Projects Will Improve Safety and Revitalize Local Economies Following Superstorm Sandy
Trenton, NJ – New Jersey Department of Transportation (NJDOT) officials today announced the start of a multi-year, multi-million dollar State Channel Dredging Program that will begin to return New Jersey’s waterways affected by Superstorm Sandy to a state of good repair.
“Our state channels are vital waterways that are used by recreational boaters and commercial fisherman,” NJDOT Commissioner James S. Simpson said. “Providing safe navigation channels will have a positive economic impact on small businesses such as marinas, bait and tackle shops, and charter companies, as well as New Jersey’s seafood industry.”
The first project that will go out for bid on Thursday, March 13, is for the dredging of the Waackaack and Thorns Creeks in Keansburg, Monmouth County. This project will remove approximately 36,000 cubic yards of Sandy-related sediment. Work on an adjacent Confined Disposal Facility (CDF) is expected to begin in May. Dredging is anticipated to start in June.
Typically the state would not dredge in the summer, but the new program features an aggressive schedule to maximize efforts during periods of favorable dredging conditions to alleviate hazards to boaters and commercial vessels. Efforts will be made to ensure work does not unnecessarily impede navigation.
Over the next few months, NJDOT expects to open bids for the dredging of St. Georges Thorofare (Atlantic County), Cape May Harbor and Middle Thorofare (Cape May County), and Double Creek, Double Creek – Mainland, and Barnegat Light Stake Channels in Barnegat Bay (Ocean County). These projects will remove both Sandy-related sediment and pre-storm sediment to alleviate hazards to navigation and return these channels to a state of good repair. In Cape May, the Middle Thorofare project will ensure New Jersey's commercial fishing industry is able to safely access berths that support the New Jersey seafood industry.
Asset Management Strategies
The State Channel Dredging Program will feature asset management strategies similar to those used by the Department to guide investments in other classes of assets, such as highways and bridges. This approach ensures the best use of limited resources and will consider such factors as the availability of dredge material management options, channel usage and associated economic value, the level of siltation in the channel, navigational safety, Sandy-related impacts to a channel and the related eligibility for FEMA reimbursement.
Funding for this program will come from State Transportation Trust Funds and federal sources. All of these projects are intended to receive some amount of FEMA reimbursement.
In certain circumstances there may be opportunities for counties, municipalities, marinas and private entities to partner with NJDOT contractors to dredge locally or privately-maintained waterways that adjoin state channels where work is being performed. Partnerships could provide a significant cost savings to local or private entities by reducing mobilization costs.

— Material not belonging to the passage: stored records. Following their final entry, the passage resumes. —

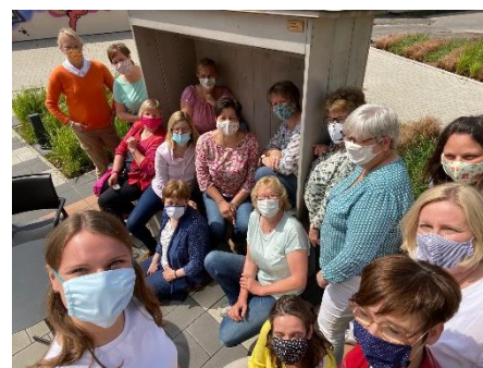
Mittagspause beim Workshop in Oldenburg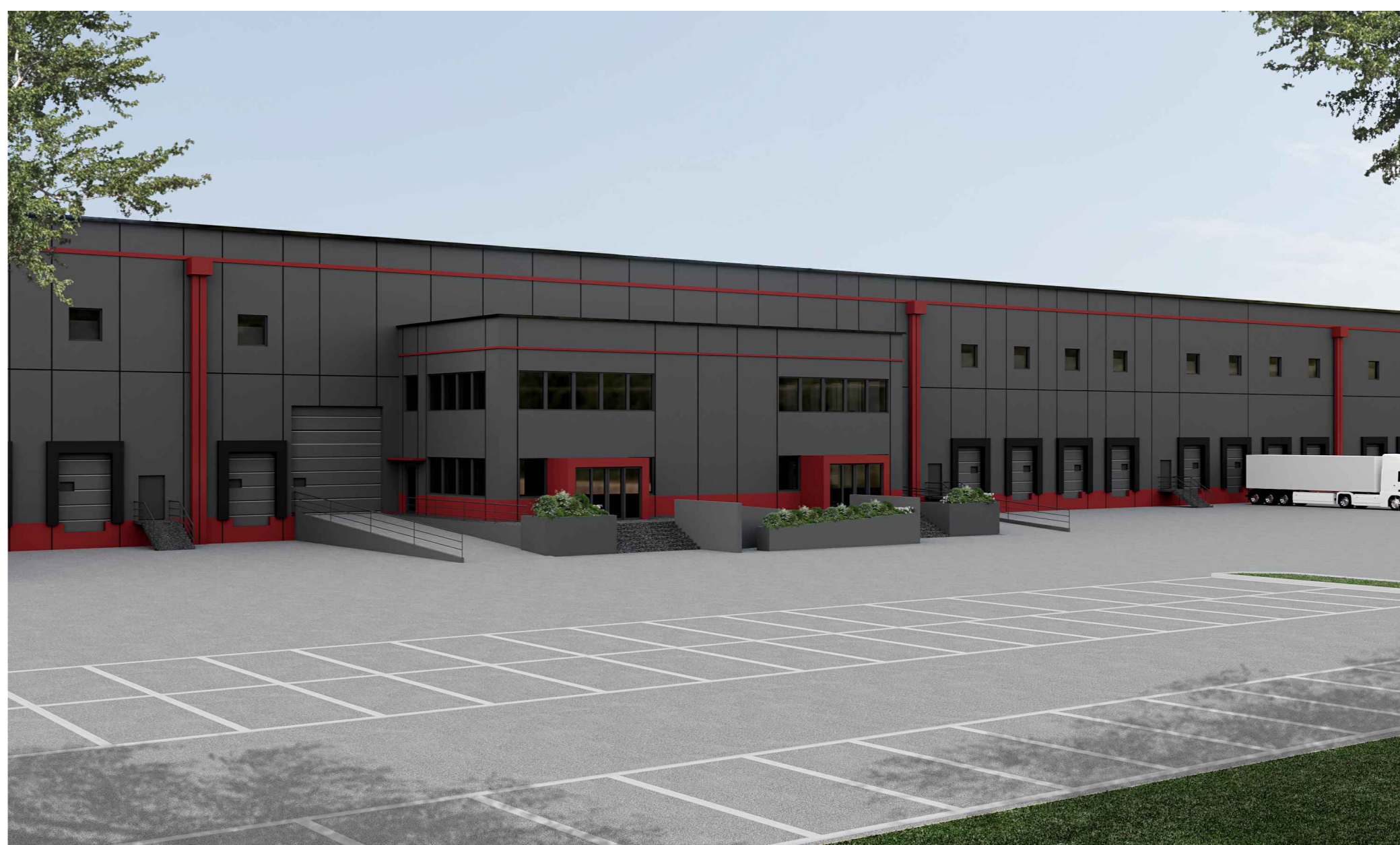
F6. Fotosimulazione lato nord - Progetto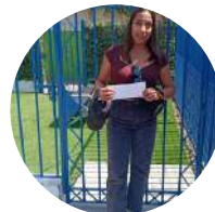
1° lugar 1 Básico A

Finalmente, una apoderada planteó una observación sobre la limpieza de los baños, tema que fue abordado junto a la encargada del área, quien entregó las respuestas y medidas correspondientes para dar solución a la situación.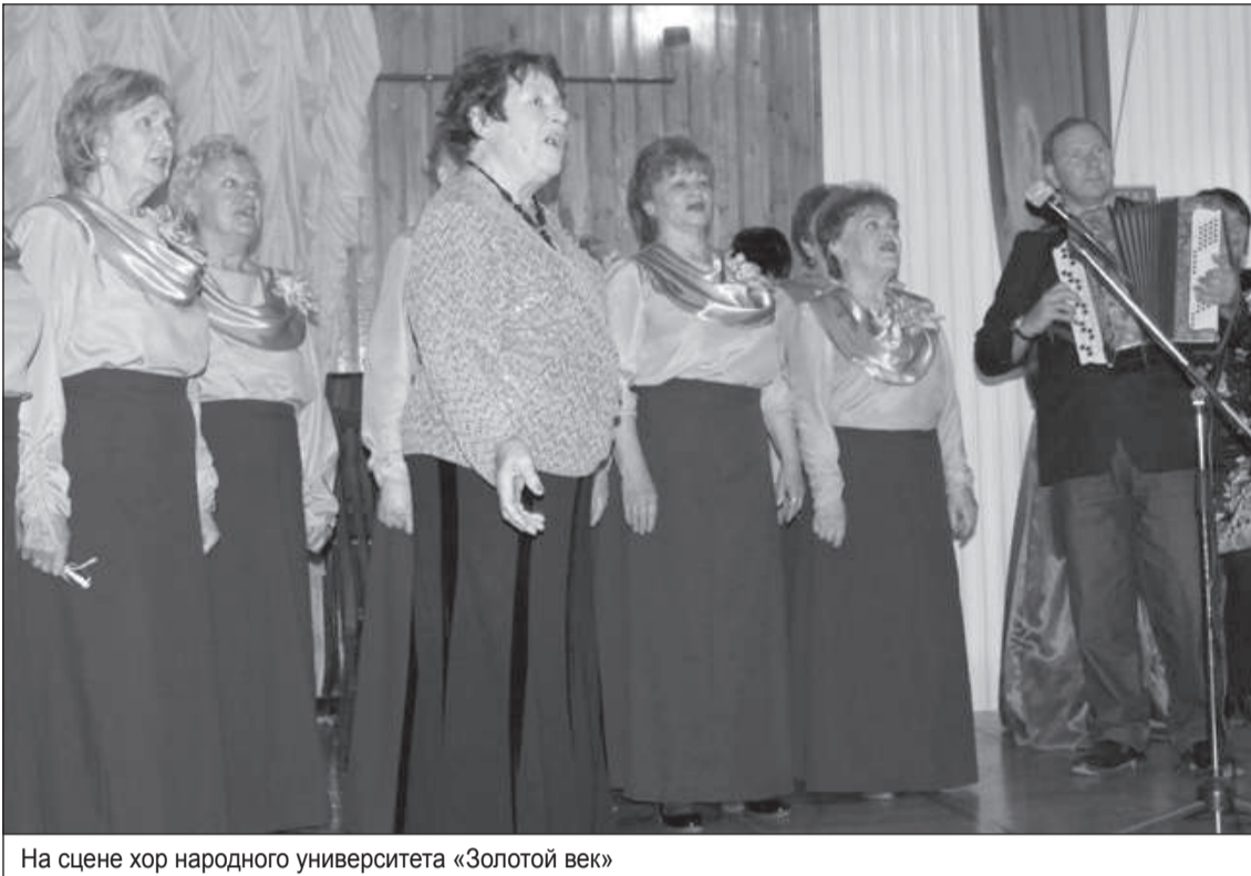
На сцене хор народного университета «Золотой век»

В двух евпаторийских необычных вузах, где обучаются пенсионеры, прошли выпускные балы. В концертном зале санатория «Орен-Крым» 17 и 18 мая убеленные сединами выпускники «Университета третьего возраста» и народного университета «Золотой век» соответственно получили дипломы и заслуженные награды.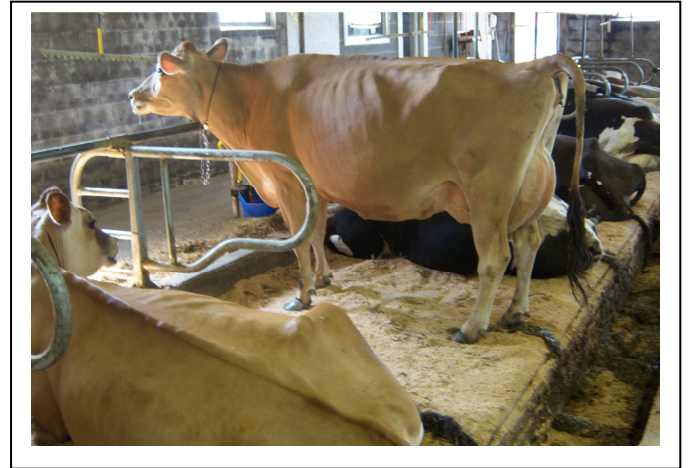
1 van de vele beste jersey in deze stal: Ty-Ly View Counciller Sage. Ruim 10.700 5.8% en 3.8%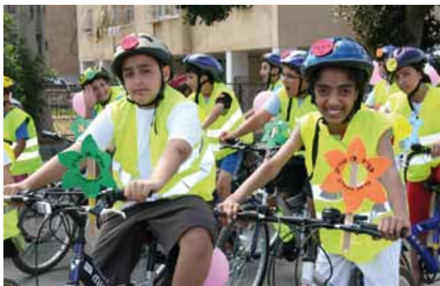
מסע אופניים. רכיבה נכונה

מערכות להצגת מהירויות הנסיעה של הרכבים הותקנו בארבעה רחובות: בן גוריון, קריית, א.ס. לוי ויחזקאל. העלות: כ-150 אלף ₪. הצגות ופעילויות נערכו בגני הילדים.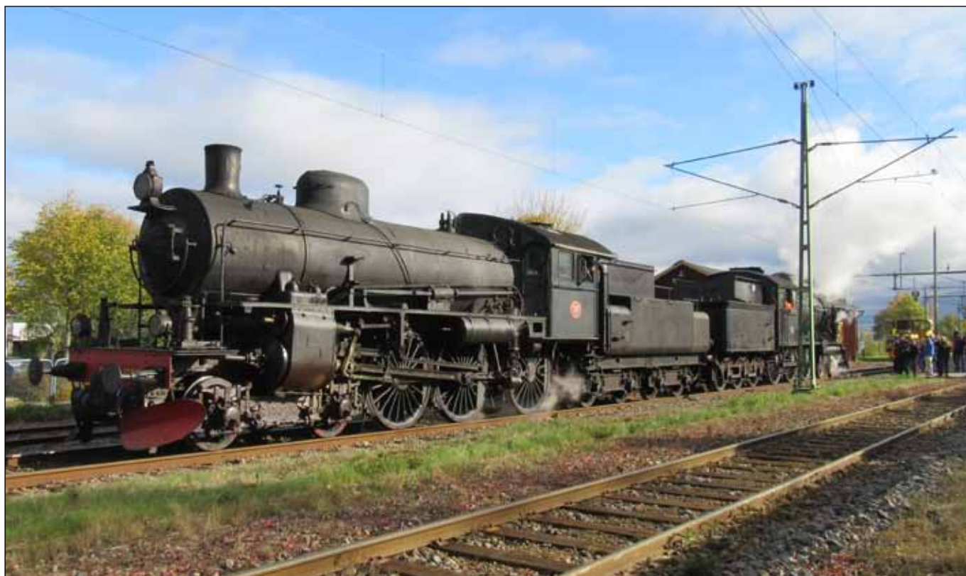
De båda ångloken rangeras på Grästorps station 17 september 2017.

1868 var järnvägen mellan Herrljunga och Uddevalla färdigbyggd. Herrljunga ligger vid Västra stambanan mellan Stockholm och Göteborg och Uddevalla har en hamn vid västerhavet. Banan blev därmed en viktig förbindelse för transport av lantbruksprodukter där exporten av havre länge var betydelsefull. Havre var drivmedlet för hästdragna transporter.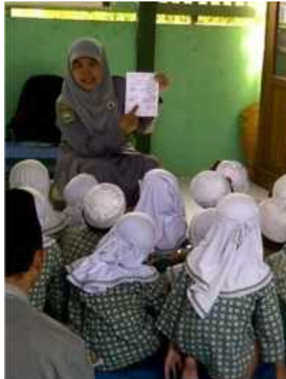
Gambar 4. Story reading , seorang guru PAUD sedang membacakan cerita bergambar kepada anak-anak.

Robert Fisher. 28 Di berbagai lembaga PAUD di Yogyakarta, story reading lebih diunggulkan dari storytelling . Sebab, banyak lembaga PAUD yang memandang bahwa story reading mempunyai implikasi lebih signifikan terhadap peningkatan penguasaan literasi, khususnya baca-tulis sejak dini. Oleh karena itu, guru-guru pada PAUD lebih banyak memberikan story reading daripada storytelling . Sekadar contoh, seorang guru RA Masyithah Karanganom Yogyakarta sedang mengajar dengan menggunakan metode story reading . Lihat gambar 4 berikut ini: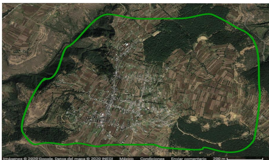
Figura No 1. Ubicación del ecosistema de estudio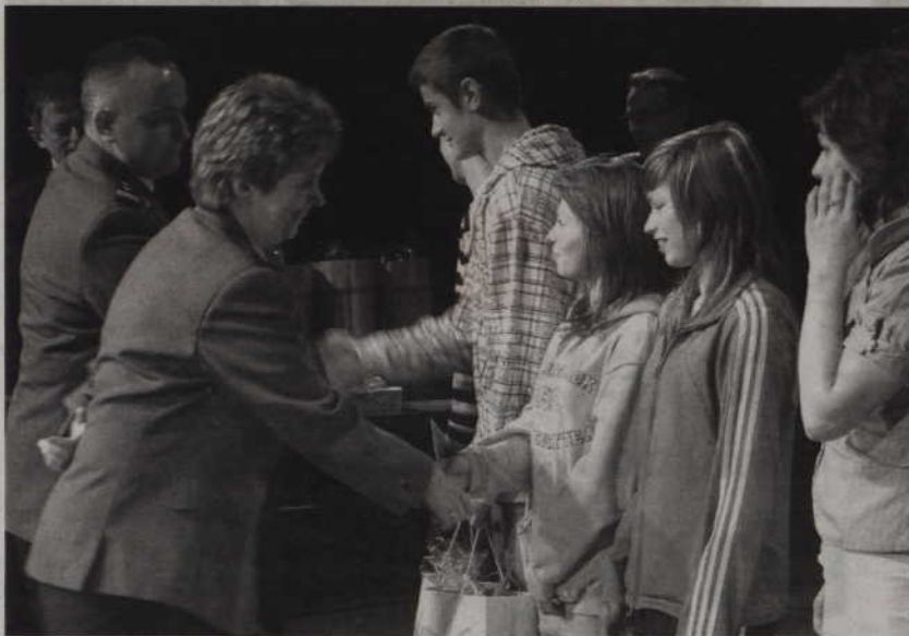
W przeglądzie zwyciężył zespół „ABC Teatru” z Ryjewa.

As feasible, the NJDOT Office of Maritime Resources will work with interested parties to determine whether dredged material management capacity can be made available, whether the sediment characteristics are appropriate to be bundled with a state project or whether a local or private entity must identify their own dredge material management location. All local and private partners will need to obtain the necessary permits from the New Jersey Department of Environmental Protection (NJDEP) and the United States Army Corps of Engineers.
The single most important logistical aspect of a dredging project is the ability to safely and efficiently manage the dredged material. It is important to note that coastal communities state-wide should be investigating and developing local and regional opportunities for the management of dredged material. It is important for counties and municipalities to consider such opportunities as the state moves forward with the State Channel Dredging Program.
The planning and implementation of the program is a dynamic process and NJDOT will work with local officials and industry associations to provide updates as projects are identified and advanced.
NJDOT also is working with NJDEP, non-governmental organizations (NGOs), and the academic community to coordinate and support post-Sandy resiliency projects designed to ensure coastal defense, alleviate flooding in certain circumstances and create environmental benefits through the beneficial use of dredged material.